Step 5: Make a Birth Plan
Your birth. YOUR birth. This is a time for you to always remember and cherish. You are in charge of this trip. You decide what you want and what you do not want. It is also your baby's birth. It's not just about you. Whatever you decide will also affect your baby. Medications, including epidurals, will affect your baby to some degree.

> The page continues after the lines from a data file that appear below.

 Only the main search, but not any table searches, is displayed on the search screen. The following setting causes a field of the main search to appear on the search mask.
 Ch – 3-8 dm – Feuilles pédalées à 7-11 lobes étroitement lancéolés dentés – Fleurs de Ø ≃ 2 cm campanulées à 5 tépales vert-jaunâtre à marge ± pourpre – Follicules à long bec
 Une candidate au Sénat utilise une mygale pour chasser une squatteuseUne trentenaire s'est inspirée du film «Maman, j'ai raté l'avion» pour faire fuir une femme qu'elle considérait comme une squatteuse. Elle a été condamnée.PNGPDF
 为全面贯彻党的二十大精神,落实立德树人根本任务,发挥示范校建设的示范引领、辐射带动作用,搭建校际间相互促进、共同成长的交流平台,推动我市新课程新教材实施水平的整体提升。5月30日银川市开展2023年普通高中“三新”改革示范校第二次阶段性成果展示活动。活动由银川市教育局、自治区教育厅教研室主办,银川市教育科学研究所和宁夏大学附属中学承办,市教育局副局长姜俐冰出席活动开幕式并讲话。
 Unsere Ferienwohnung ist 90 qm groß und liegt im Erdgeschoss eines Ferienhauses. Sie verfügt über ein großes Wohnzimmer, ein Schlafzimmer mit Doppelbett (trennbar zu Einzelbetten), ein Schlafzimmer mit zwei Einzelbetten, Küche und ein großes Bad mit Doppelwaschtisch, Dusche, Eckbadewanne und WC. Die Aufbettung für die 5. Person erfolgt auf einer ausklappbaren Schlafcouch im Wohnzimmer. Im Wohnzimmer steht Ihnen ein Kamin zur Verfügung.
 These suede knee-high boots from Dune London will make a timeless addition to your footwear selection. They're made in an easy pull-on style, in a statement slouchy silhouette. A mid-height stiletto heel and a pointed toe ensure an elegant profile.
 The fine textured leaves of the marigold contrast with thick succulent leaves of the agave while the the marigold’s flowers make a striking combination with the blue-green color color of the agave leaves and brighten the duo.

Who says you can't have a natural birth? Women are strong and courageous. Women have been birthing for thousands of years. It is not comfortable, but it is doable. Train for your journey by attending childbirth classes, real ones that teach you useful techniques that will help you deal with contractions in a drug-free way. Babies born medication-free are almost always wonderful breastfeeders. Natural birth is a gift you give yourself. You will carry it with you always and it will be one of your proudest achievements. I kid you not.

Epidurals and all other interventions may negatively affect your breastfeeding. Have you ever wondered why some babies refuse to nurse? Why some babies suck incorrectly? Why some babies fail at breastfeeding, the God-given natural way of supporting life? It is not the baby's fault in most cases. It is the fault of the medication, the vacuum extractor that pulled the baby out and misaligned the jaw and left the baby with a bummer of a headache, the prolonged labor caused by an epidural given too early or one of a whole variety of problems that medically managed birth may cause. Make a birth plan. This is your personal road map. Bring it to the hospital. Share it with your nurse and your physician or midwife. Stick to it.